O espetáculo está, hodiernamente, disseminado por toda a vida social,

especialmente na internet, notadamente exposto pelas redes sociais, sendo

que a produção e o consumo se utilizam deste fértil espaço para a produção

cada vez maior de bens e serviços. Os sujeitos não se preocupam mais com

a acumulação de bens (ter) ou com o ser, mas sim com o que aparentam ser,

isto é, o parecer. O espetáculo tem como fonte o parecer, o que pode ser

obtido, cada vez mais, por meio de aquisição de produtos.

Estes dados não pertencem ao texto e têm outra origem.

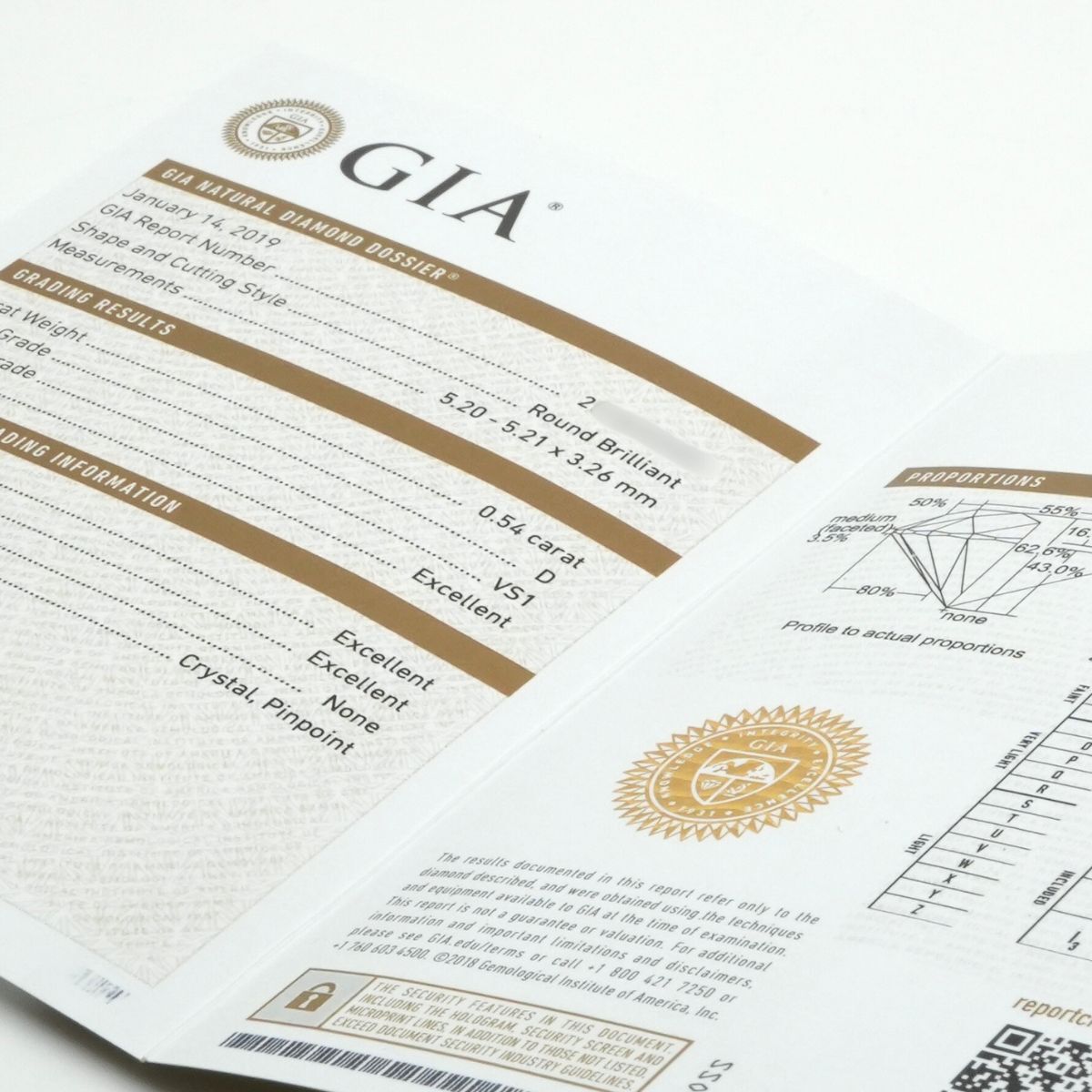 | 宝石 | ダイヤモンド カラット 0.54ct カラー D クラリティ VS1 カット EXCELLENT ポリッシュ EXCELLENT シンメトリー EXCELLENT 蛍光性 NONE |

O viver de aparências passa a ser comum e aparentar ter passa a ser o valor

visado, tudo o que se vivia diretamente passa a ser representativo (DEBORD,

1997, p. 13). Verifica-se uma valorização e valoração exacerbada do

espetáculo e tudo isso acaba sendo representado por meio de imagens, assim,

“o espetáculo é o capital em tal grau de acumulação que se torna imagem”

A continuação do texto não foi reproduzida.